S-Video in Header?

PunterHunter

Distinguished
Nov 17, 2005
3
0
18,510
Hi All,

New to this forum but not to all things PC..

I'm hoping someone out there might be able to help me. I have picked up a rather natty little 7-in-1 card reader which also includs on the face plate an S-Video and Analogue Video in-port. The reader came with a 4-pin connector cable to fit onto (presumabley) a 4-pin header. The card reader is made by Hewlet Packard (if that is significant).

My question is - does anyone know of a Motherboard with this kind of header/ connector on? I don't need to upgrade my current system just yet, but will be doing so at some point next year and if there is a motherboard with this kind of facility etc.. or is this going to be one of those wonderful things that will only work with a particular HP motherboard or dedicated graphics card?

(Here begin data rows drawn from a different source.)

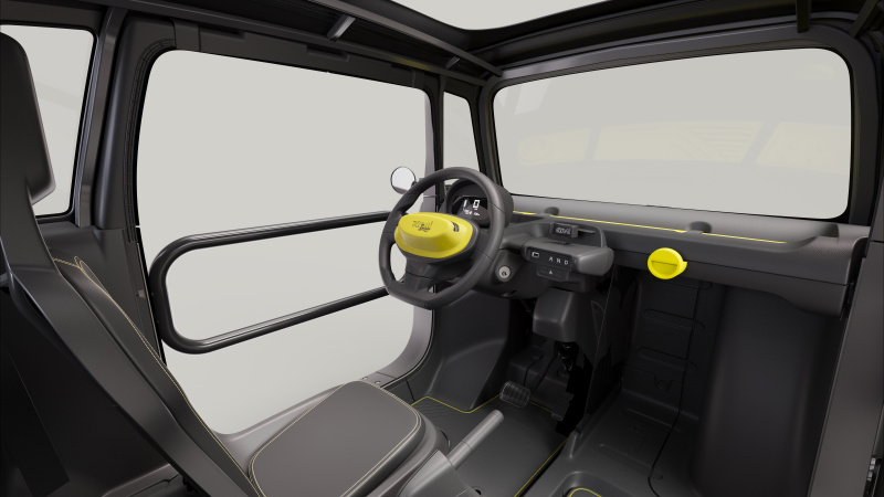 Este buggy eléctrico también presume de un alerón negro trasero, llantas doradas de 14" y un nuevo logo amarillo. Es la opción perfecta para espíritus curiosos que ven la movilidad como una extensión de su estilo de vida.
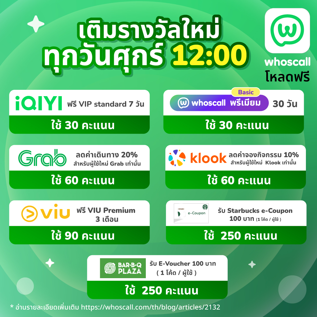 *สามารถอ่านรายละเอียดข้อกำหนดและเงื่อนไขของรางวัลแต่ละรางวัลได้ขณะแลกรับของรางวัลในแอป Whoscall
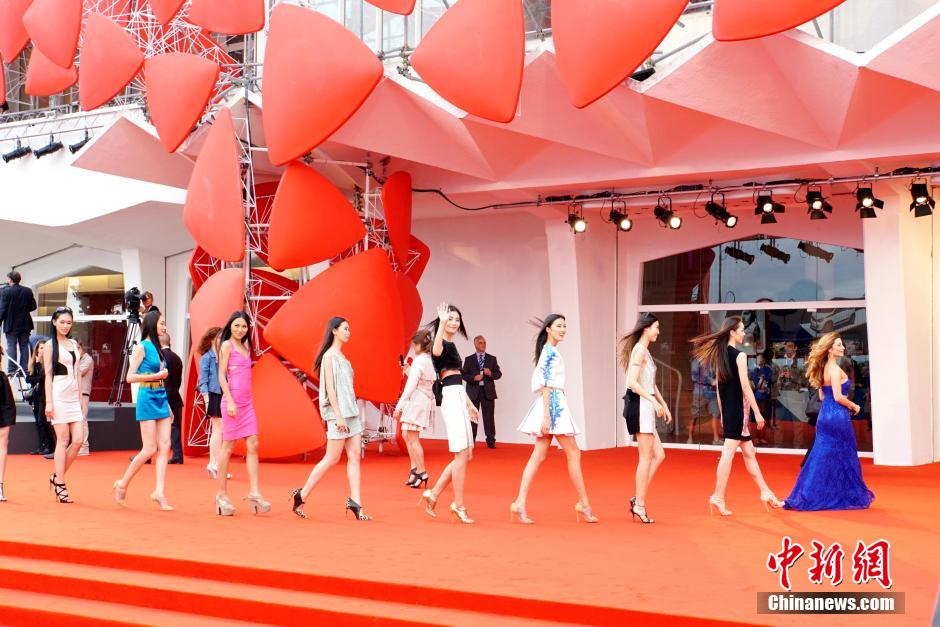 意大利时间2014年9月2日下午,广西卫视《超模之路罗仑模特争霸赛》真人秀在意大利威尼斯拍外景。恰逢威尼斯电影节,在意大利演员兼主持人Antonella Salvacci的带领下,中国模特走上了威尼斯电影节的红毯。从模特码头登岸到走完红毯,现场引发小小骚动。中新社发 骆文刚 摄 图片来源:CNSPHOTO
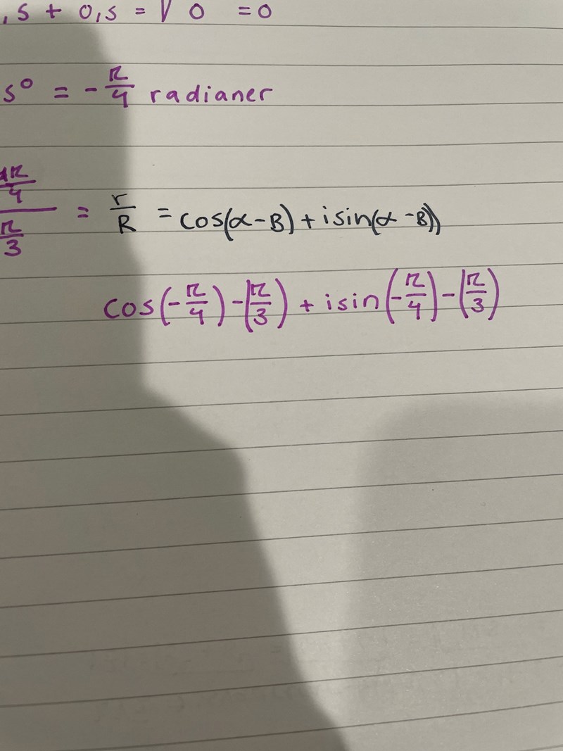 Jahaa nu fattar jag. Men är de allt? Att svaret är cos(5pi/12)+1sin(5pi/12) eller behöver jag göra något mer nu?
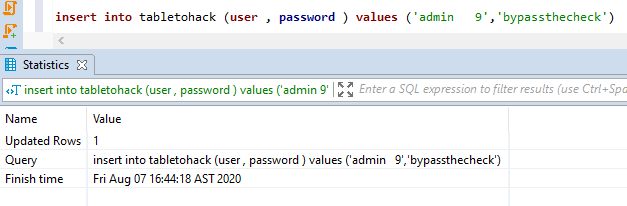 insert into tabletohack (user , password ) values ('admin 9','bypassthecheck')
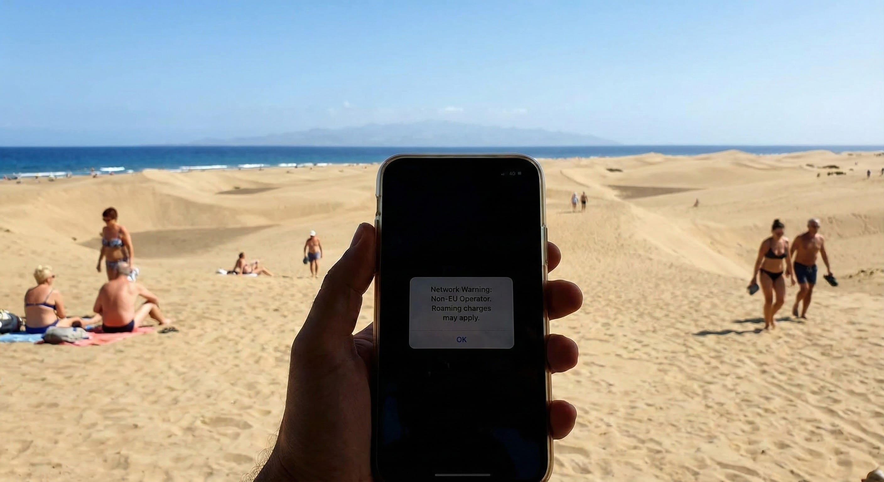 Er du trygg på "Roam Like at Home" på Gran Canaria? På sørkysten kan mobilen koble seg til Marokko. Lær hvordan du unngår sjokkregningen med Cellesim eSIM.

Any help or advice greatly appreciated..

Thanks.
 

Crashman

Polypheme
Former Staff
Video input is normally done with a TV tuner card or VIVO graphics card. There are other types of analog video input cards, most are made for the video security industry but Turtle Beach makes one for professional video editing. There are also a few cheaper amature analog Video Input cards which are basically just TV tuner cards with the tuner removed. Many have a blank spot with solder points for the tuner.

Anyway, some input cards or VIVO cards use a four-pin header, ATI used it on their Radeon 8500DV, where it looked like a floppy power header I believe (which is odd, since they also used a floppy power header on later high-end cards for adding extra power)! Oh, and those ATI VIVO and All-In-Wonder cards with the yellow CD-ROM type connector...that's also a video input. On AIW cards, the white mini audio connector is an audio output.

S-Video and Composite are the two standards you're refering to, both are analog.